■ Work to complete ■
Please set down only the lines below starting with the line with "Jordan Love completed" and going on through the line with "他站在歷史賦予一個企業(yè", verbatim and without pictures.

Supplied entries Start Marker

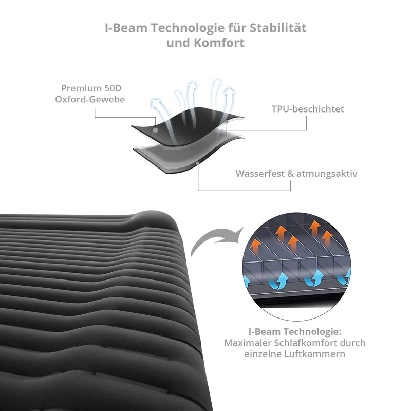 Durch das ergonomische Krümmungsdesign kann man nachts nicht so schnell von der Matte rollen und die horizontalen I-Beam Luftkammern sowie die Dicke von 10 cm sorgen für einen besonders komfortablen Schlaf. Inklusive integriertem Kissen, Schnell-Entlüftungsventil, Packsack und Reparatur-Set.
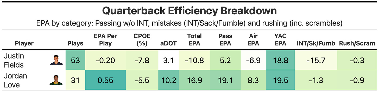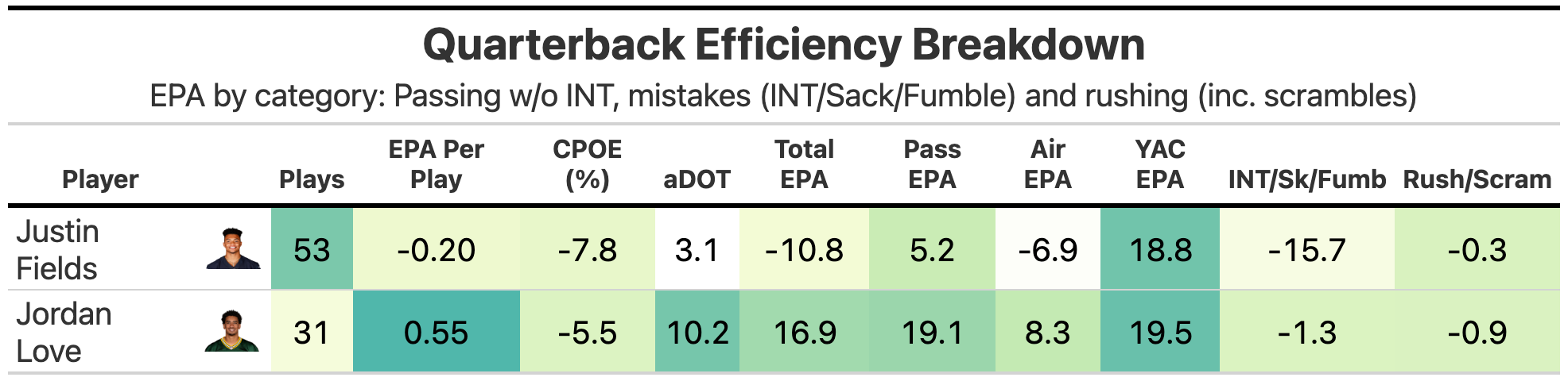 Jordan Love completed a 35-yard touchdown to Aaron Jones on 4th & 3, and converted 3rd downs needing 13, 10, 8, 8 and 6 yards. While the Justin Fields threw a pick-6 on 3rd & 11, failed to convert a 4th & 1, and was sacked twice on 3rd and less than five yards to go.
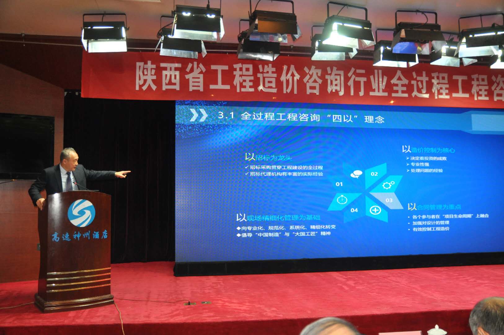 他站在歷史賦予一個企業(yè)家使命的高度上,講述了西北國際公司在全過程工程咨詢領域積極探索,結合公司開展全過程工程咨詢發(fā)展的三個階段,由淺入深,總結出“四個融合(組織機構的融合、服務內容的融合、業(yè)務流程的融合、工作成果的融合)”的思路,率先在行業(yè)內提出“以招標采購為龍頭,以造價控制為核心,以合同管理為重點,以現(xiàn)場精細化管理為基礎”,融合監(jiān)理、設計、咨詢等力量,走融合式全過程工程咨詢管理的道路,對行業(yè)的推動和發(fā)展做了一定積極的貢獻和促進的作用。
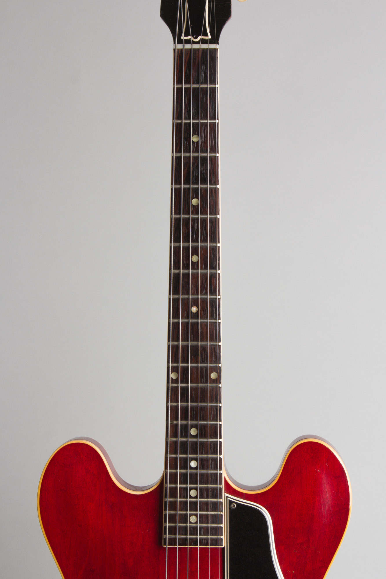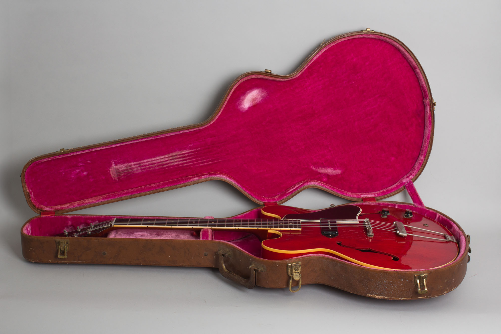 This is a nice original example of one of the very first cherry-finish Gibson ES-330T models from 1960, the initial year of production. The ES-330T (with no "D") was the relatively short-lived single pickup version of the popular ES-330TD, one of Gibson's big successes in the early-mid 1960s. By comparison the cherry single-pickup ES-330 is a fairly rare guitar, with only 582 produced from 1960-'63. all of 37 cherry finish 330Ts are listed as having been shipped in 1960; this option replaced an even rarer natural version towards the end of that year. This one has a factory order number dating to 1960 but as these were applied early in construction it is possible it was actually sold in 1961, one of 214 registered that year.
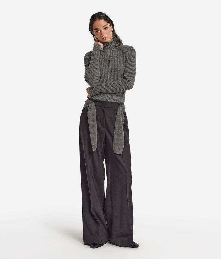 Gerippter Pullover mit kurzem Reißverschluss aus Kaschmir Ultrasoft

Supplied entries End Marker
Supplied entries Start Marker

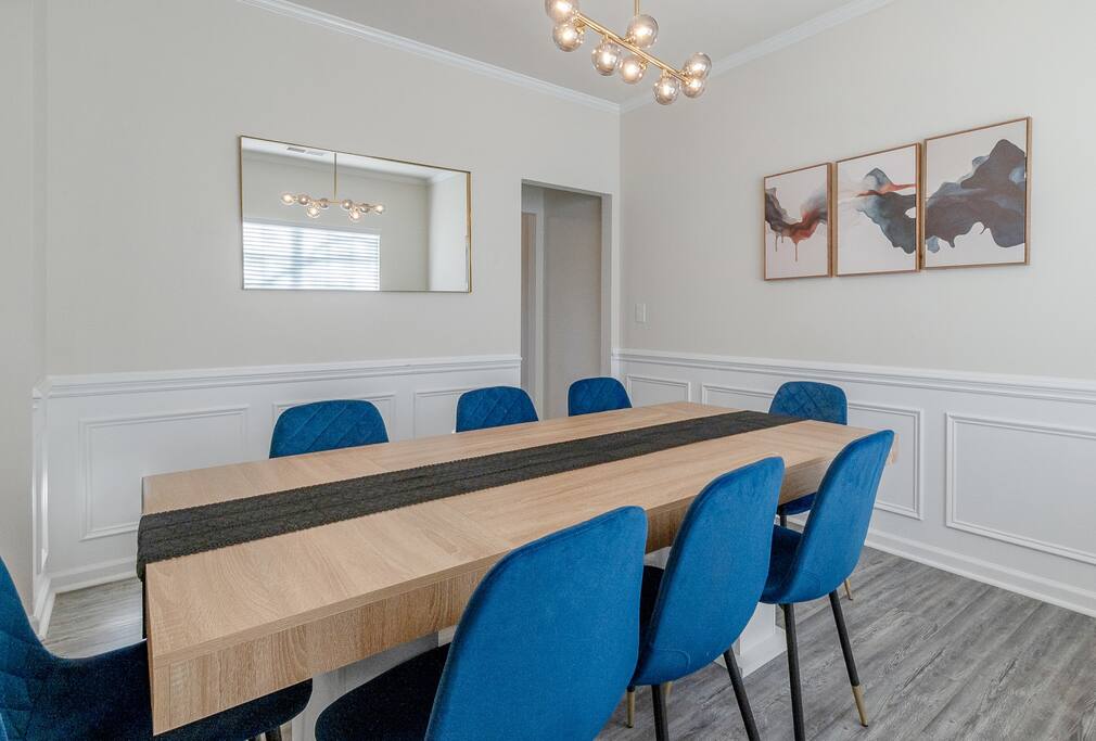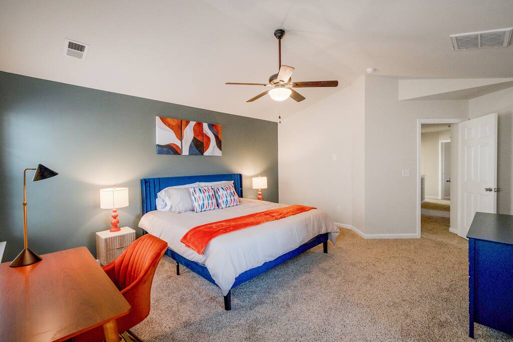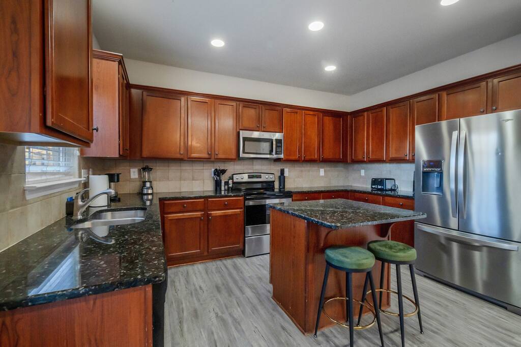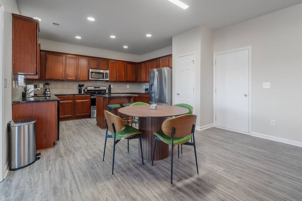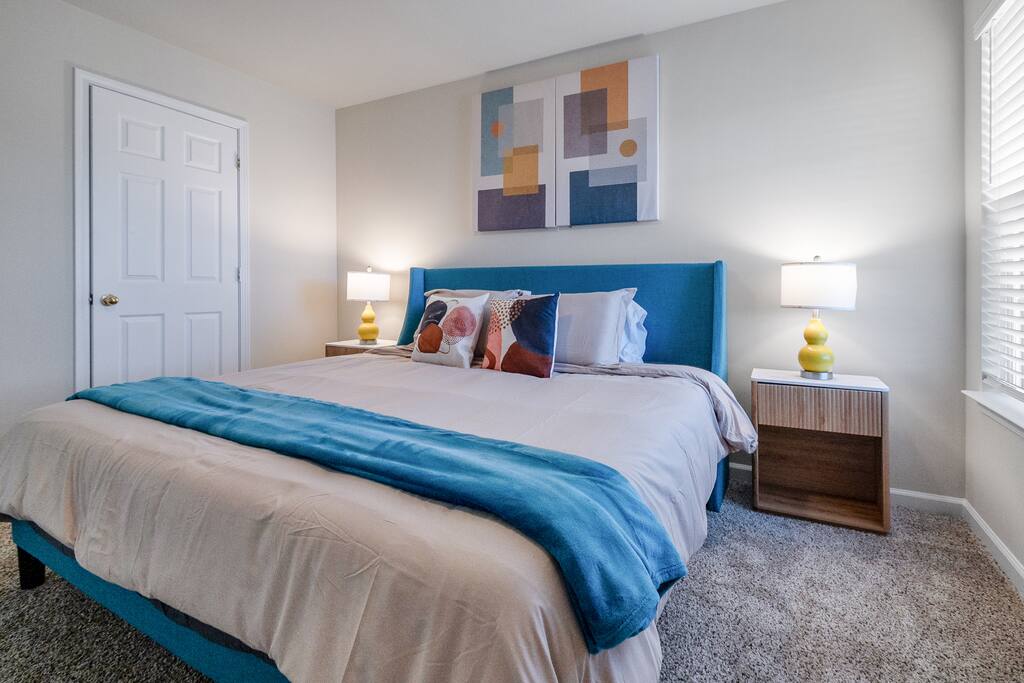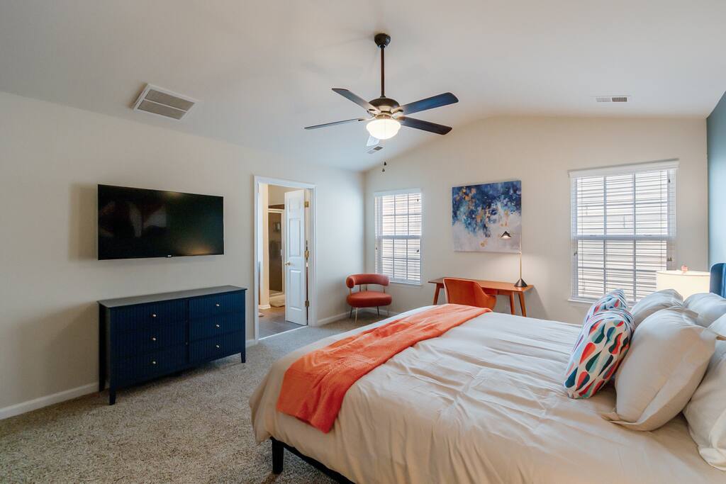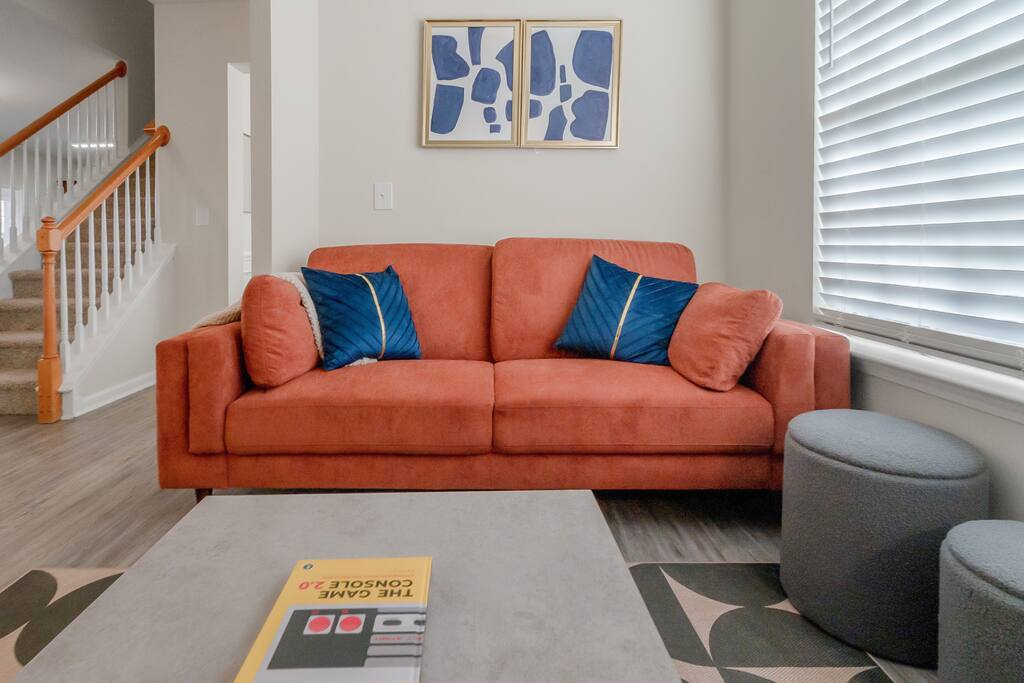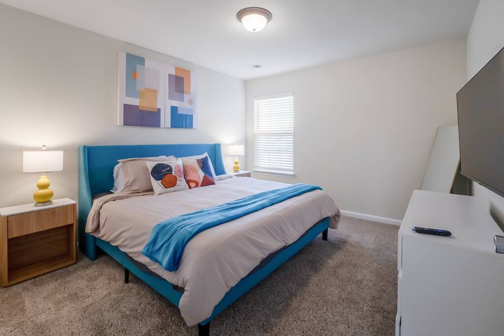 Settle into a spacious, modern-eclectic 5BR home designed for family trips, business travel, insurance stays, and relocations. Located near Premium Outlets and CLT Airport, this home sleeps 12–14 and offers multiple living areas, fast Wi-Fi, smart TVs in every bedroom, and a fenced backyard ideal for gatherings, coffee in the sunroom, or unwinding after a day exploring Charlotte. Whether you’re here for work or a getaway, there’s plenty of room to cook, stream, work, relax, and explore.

Supplied entries End Marker

■ Answer to this task ■
 Jordan Love completed a 35-yard touchdown to Aaron Jones on 4th & 3, and converted 3rd downs needing 13, 10, 8, 8 and 6 yards. While the Justin Fields threw a pick-6 on 3rd & 11, failed to convert a 4th & 1, and was sacked twice on 3rd and less than five yards to go.
 他站在歷史賦予一個企業(yè)家使命的高度上,講述了西北國際公司在全過程工程咨詢領域積極探索,結合公司開展全過程工程咨詢發(fā)展的三個階段,由淺入深,總結出“四個融合(組織機構的融合、服務內容的融合、業(yè)務流程的融合、工作成果的融合)”的思路,率先在行業(yè)內提出“以招標采購為龍頭,以造價控制為核心,以合同管理為重點,以現(xiàn)場精細化管理為基礎”,融合監(jiān)理、設計、咨詢等力量,走融合式全過程工程咨詢管理的道路,對行業(yè)的推動和發(fā)展做了一定積極的貢獻和促進的作用。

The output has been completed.